A student protest against clear cutting of old growth forests in Northern Ontario ends in tragedy and leads to an escalating series of events involving family secrets, a covert government agency and a powerful and ancient race of shape shifters in Douglas Smith's Spirit Dance.

Gwyn Blaidd is a man who has fought and won, loved and lost, and generally had enough of civilization and all of the complications it brings. So he's retreated to a hidden dwelling in Ontario's far north to live alone with the land. When a new trouble threatens his friends, however, Gwyn is forced to come out of seclusion to battle an old enemy he thought he had cowed into submission long ago. Gwyn's quest takes him back to familiar territory where he must face ghosts from his past as he fights in the present to save the future of his people.

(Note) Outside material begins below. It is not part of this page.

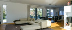 Der Wohnbereich öffnet sich sodann über große Schiebetüren auf zwei Terrassen ins Freie. Die gartenseitige Hauptterrasse mit rund 55 m² erstreckt sich dabei über die gesamte Gebäudebreite. Über drei kleine Stufen gelangt man weiter, zum etwa 7 × 3 m großen und beheizten Pool, der von einer eigenen Sonnenterrasse umgeben ist.

Spirit Dance is a story which works on both intimate and epic levels. Gwyn is called in to do battle for his people -- and Spirit Dance includes a great, high adrenaline battle between armed humans, shape-shifters and forest animals -- but Gwyn is also very much fighting for his own soul. Douglas Smith's Herok'a are expertly realized and an interesting take on the shape-shifter mythos, and each individual character within the story is just as carefully and finely crafted. Relationships are complex and many-layered, as Doug is able to weave a rich back-story into the lives of his characters within the tight space of the short story, providing rich details which bring his characters and their interactions to life.

Love, sex, action, intrigue, humour, the complexities of life, tragedy of death, and wonder of rebirth are all packed into Spirit Dance.